I'm trying to create multiple dummy variables, based on one column called 'Tags' within my df (14 rows, 2 columns, Score and Tags. My problem is that in each cell there can be any number of chr values (up to about 30 values).
When I ask for:
str(df$Tags)
R returns:
chr [1:14] "\"biologische gerechten\", \"certificaat van uitmuntendheid tripadvisor 2016\", \"gebruik streekproducten\", \"lactose intolera"| __truncated__ ...
And when I ask for:
df$Tags[1]
R returns:
[1] "\"biologische gerechten\", \"certificaat van uitmuntendheid tripadvisor 2016\", \"gebruik streekproducten\", \"lactose intolerantie\", \"met familie\", \"met vrienden\", \"noten allergie\", \"pinda allergie\", \"vegetarische gerechten\", chinees, gastronomisch, glutenvrij, kindvriendelijk, romantisch, traditioneel, trendy, verjaardag, zakelijk"
It seems that the values within the first cell are not formatted the same (the values between comma's)
So what I wish for, is to create a dummy variable for each possible value that occurs within each cells.
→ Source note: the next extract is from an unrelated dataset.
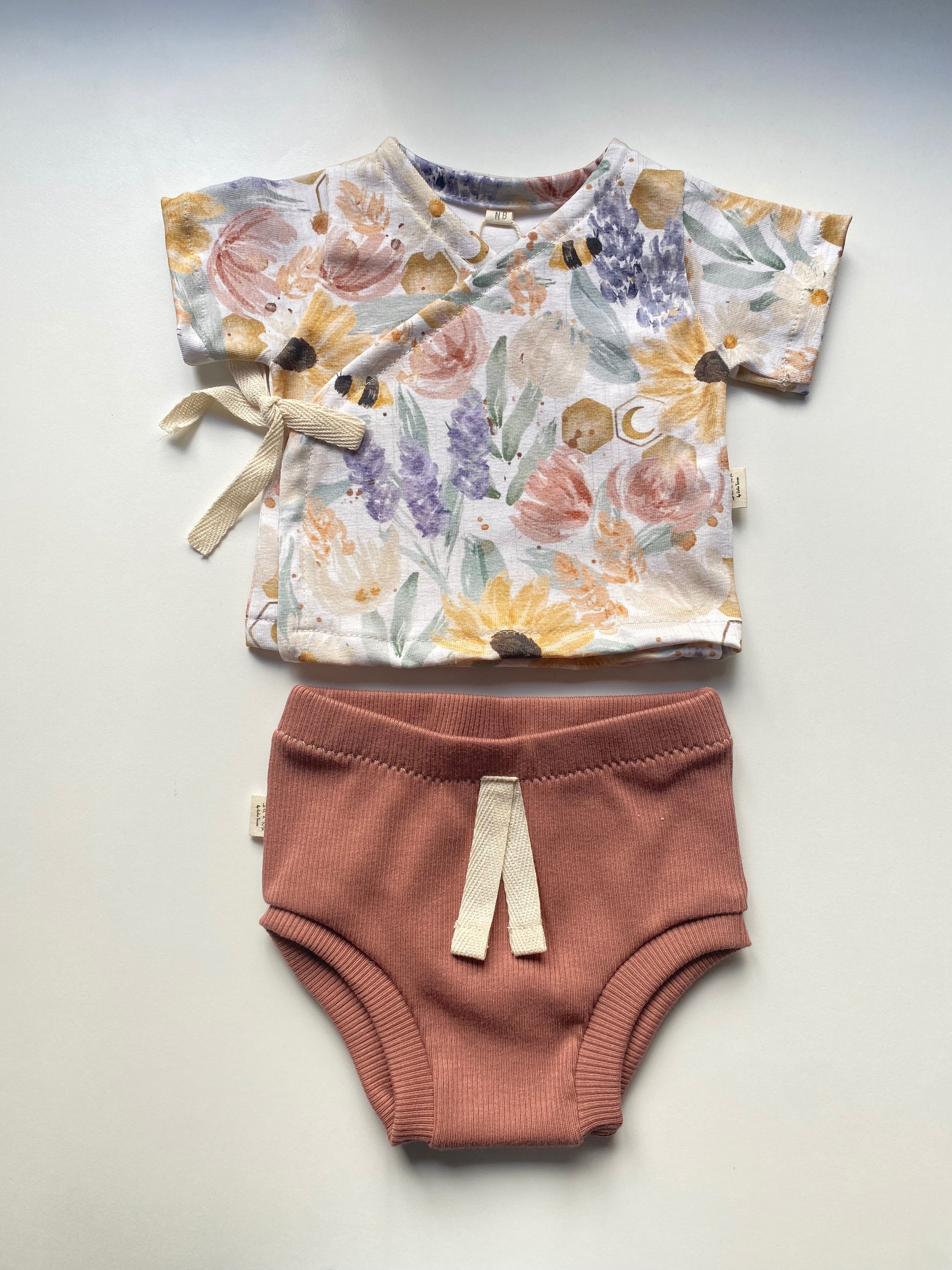 Conjunto newborn veraniego con manga corta y parte de abajo cubre pañal bien fresquito. Este conjunto es perfecto como primera puesta
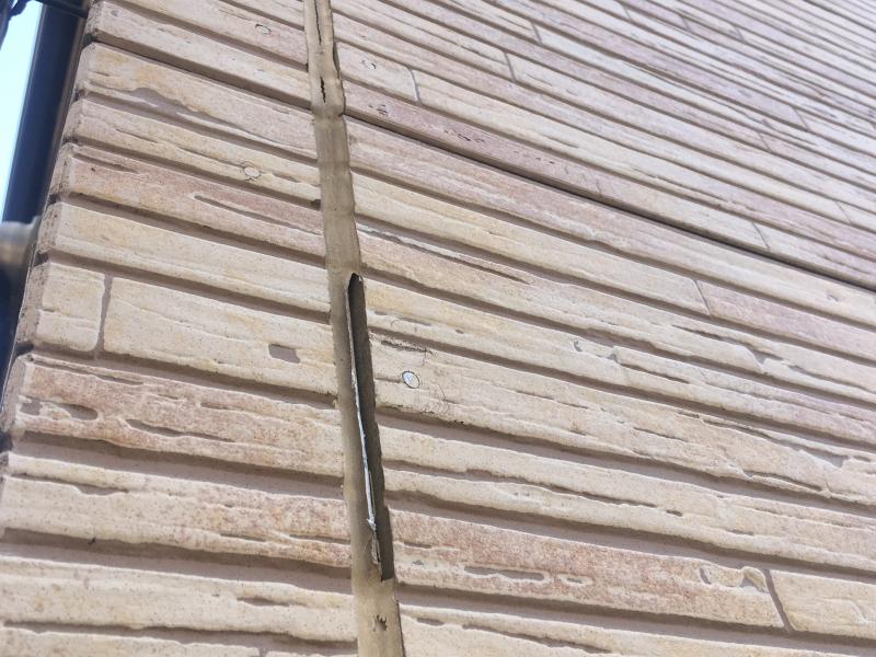 外壁材と外壁材とのつなぎ目=目地は防水のためにコーキング材を充填しています。このコーキング材は経年によりひび割れや剥がれが見られるようになります。ひび割れが見られるようになったら打ち替えの検討が必要です。

So the first new dummy should be called "biologische gerechten" (or any alike) and should show for each case whether the corresponding value is present (1) in the column 'Tags' or not (0).
i tried several things with 'dplyr' like:
df = mutate(df, biologisch = ifelse(Tags == "biologische gerechten", 1, 0))
R does create a new column 'biologisch', but it only contains zero's. Is there another way to separate all values and then create dummy variables for all possible values? Hope someone can help me, thank you!
Here's one solution:
# make some toy data to test
set.seed(1)
df <- data.frame(Score = rnorm(10),
Tags = replicate(10, paste(sample(LETTERS, 5), collapse = ", ")),
stringsAsFactors = FALSE)
# load stringr, which we'll use to trim whitespace from the split-up tags
library(stringr)
# use strsplit to break your jumbles of tags into separate elements, with a
# list for each position in the original vector. i've split on commas here,
# but you'll probably want to split on slashes or slashes and quotation marks.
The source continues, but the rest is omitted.